LOS ANGELES (AP) _ The three surviving Frustaci septuplets, now 2 years old, have made progress in the past year but are still lagging in their development, a lawyer for their parents said.

''The past year has been marked by some improvement and progress, but Steven, Richard and Patricia Ann still receive medical attention and examination as well as developmental therapy,'' attorney Browne Greene said Thursday, the children's second birthday.

Seven children were born to Samuel and Patricia Frustaci on May 21, 1985. One was stillborn and three others died within 19 days. The couple, who have a malpractice suit pending against the doctor who prescribed a fertility drug, have generally avoided publicity since then.

Greene said the children no longer require oxygen or heart monitors, but their neurological and other problems continue to worry the family. Hearing impairment is suspected as a cause of their lag in learning to talk, and further testing is planned.

''For the family, the tremendous uncertainty of their future is the most difficult to bear,'' he said. ''Sam and Patti are trying to cope with each day as it comes and to do the best they can.''

Steven is not yet walking or talking, Greene said, and his cognitive level has been tested at 12 to 15 months. His feeding tube was removed just last month, and he still has difficulty eating.

Richard also shows cognitive delays. He has been walking for about a month and is still not talking, Greene said. Patricia Ann has been walking for several months and has a two-word vocabulary.

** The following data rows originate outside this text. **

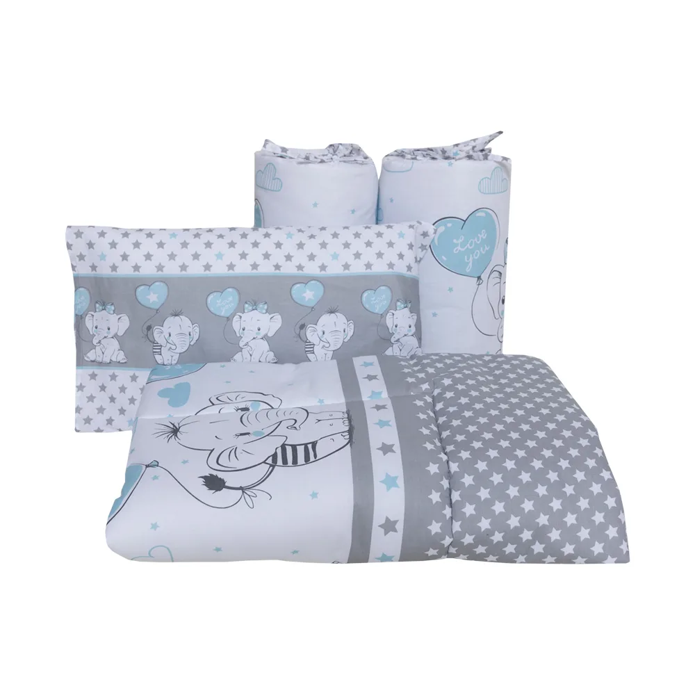 Lenjerie din bumbac cu 6 piese pentru saltea 120×60 cm Beberoyal Love Elephants Blue
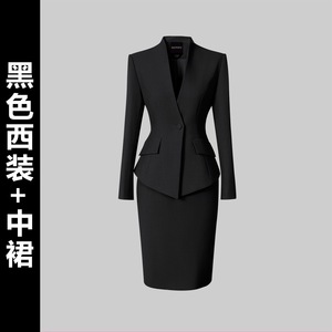 黑色西装+中裙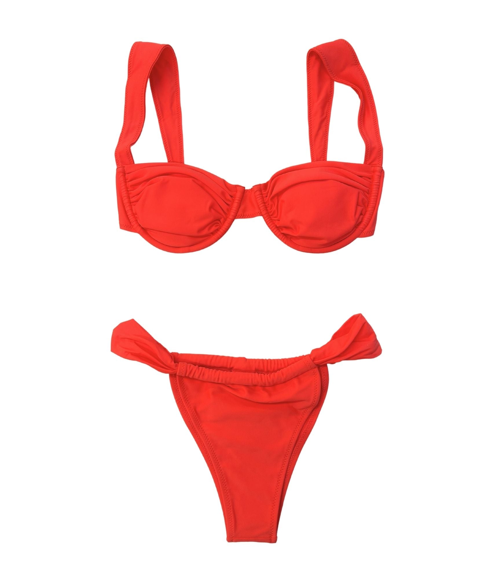 Our best-selling Rosalia bikini style is back and bolder than ever! Say oui to the radiant red La Vie en Rose top—a vintage-inspired bikini that adds just the right sizzle to any swim look. This eye-catching, fiery red hue demands attention, designed to make you pop on any beach day. Featuring underwire cups, removable padding, and a sleek metal clasp back, this top offers the perfect blend of structure and support, so you stay confidently chic and comfortably hot. Ready to paint the beach red?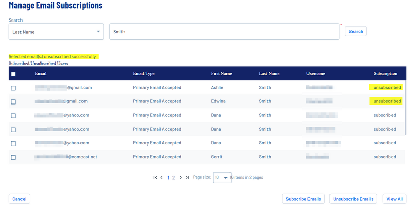 6. After clicking the ‘Unsubscribe Emails’ button, the subscription status will change and there will be a message that the volunteers were successfully unsubscribed.

The Frustacis also have a healthy son, 3-year-old Joseph.

Mrs. Frustaci had taken Pergonal, an infertility drug. The couple filed a $3 million lawsuit against Dr. Jaroslav Marik of Los Angeles, after the four babies died.

The Frustacis claim Marik failed to perform tests that would have shown that Mrs. Frustaci was likely to conceive seven children. The suit alleges wrongful death, physical pain and mental anguish.

Marik has denied wrongdoing and declined comment on the suit.